### GIVEN DATA
********************

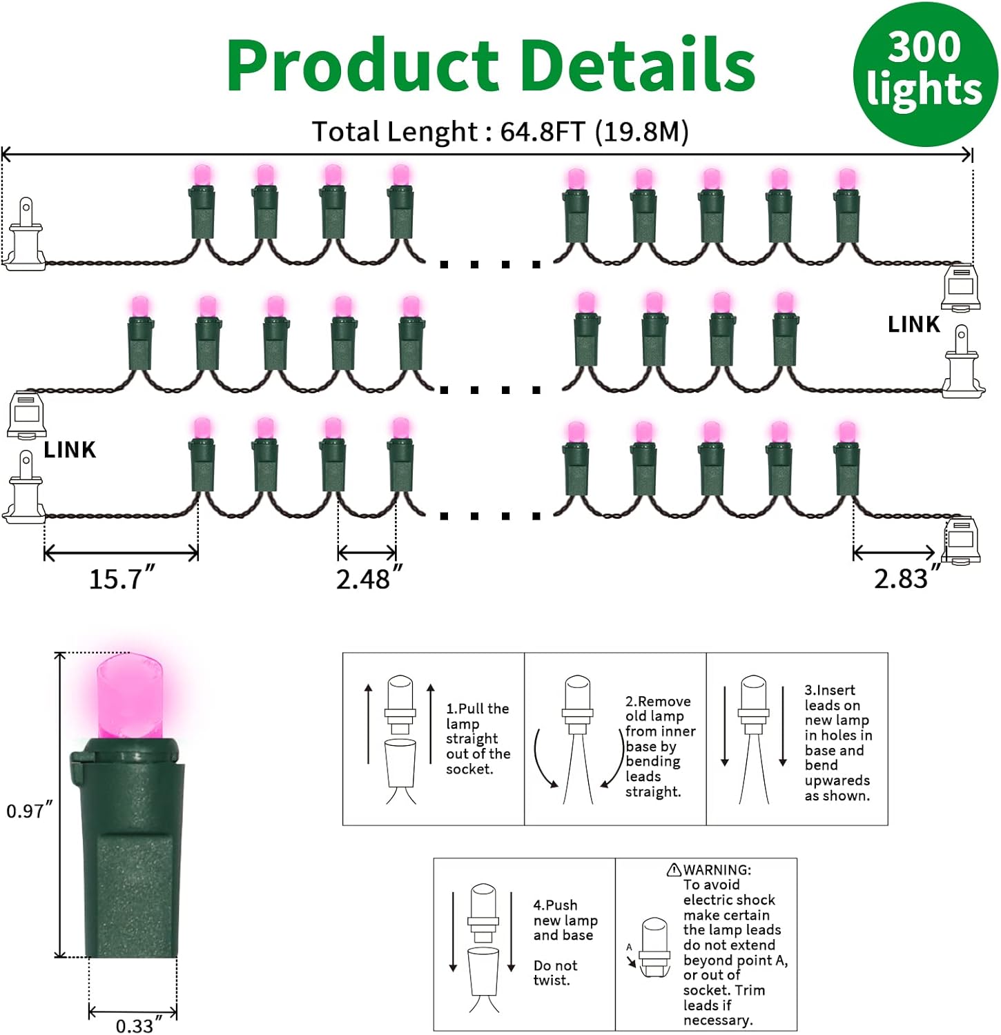 Pink Wide Angle LED String Lights, 64.8 Ft 300 Count, Pack of 3 Strands 21.9 Ft 100 Lights UL Certified Commercial Grade Green Wire 5mm Holiday String Light
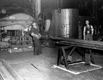 Description :ETAPES D'APLANISSEMENT DE PIECES METALLIQUES. OUVRIERS MANIPULENT DES TIGES OU DES PLANCHES DE METAL. LA TENSION ET LA FATIGUE SE LISENT SUR LEUR VISAGE.
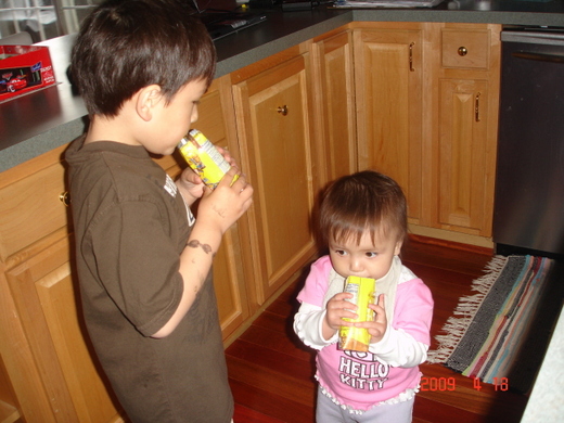 老媽子跟老公說,以前家裏只有Hayden一個小孩時,他到了三歲都還不知道什麼是巧克力?什麼是冰淇淋?更不用說什麼是巧克力牛奶了.....怎知小的現在都還沒一歲半,在哥哥的耳濡目染下,哪些東西是甜點她都知道,一看到甜的動作比蒼蠅還快.....有個模仿學習的對象,真的是有差喔!

********************

Without the pictures, repeat the listing exactly as it reads.

### TASK RESULT
 Pink Wide Angle LED String Lights, 64.8 Ft 300 Count, Pack of 3 Strands 21.9 Ft 100 Lights UL Certified Commercial Grade Green Wire 5mm Holiday String Light
 Description :ETAPES D'APLANISSEMENT DE PIECES METALLIQUES. OUVRIERS MANIPULENT DES TIGES OU DES PLANCHES DE METAL. LA TENSION ET LA FATIGUE SE LISENT SUR LEUR VISAGE.
 老媽子跟老公說,以前家裏只有Hayden一個小孩時,他到了三歲都還不知道什麼是巧克力?什麼是冰淇淋?更不用說什麼是巧克力牛奶了.....怎知小的現在都還沒一歲半,在哥哥的耳濡目染下,哪些東西是甜點她都知道,一看到甜的動作比蒼蠅還快.....有個模仿學習的對象,真的是有差喔!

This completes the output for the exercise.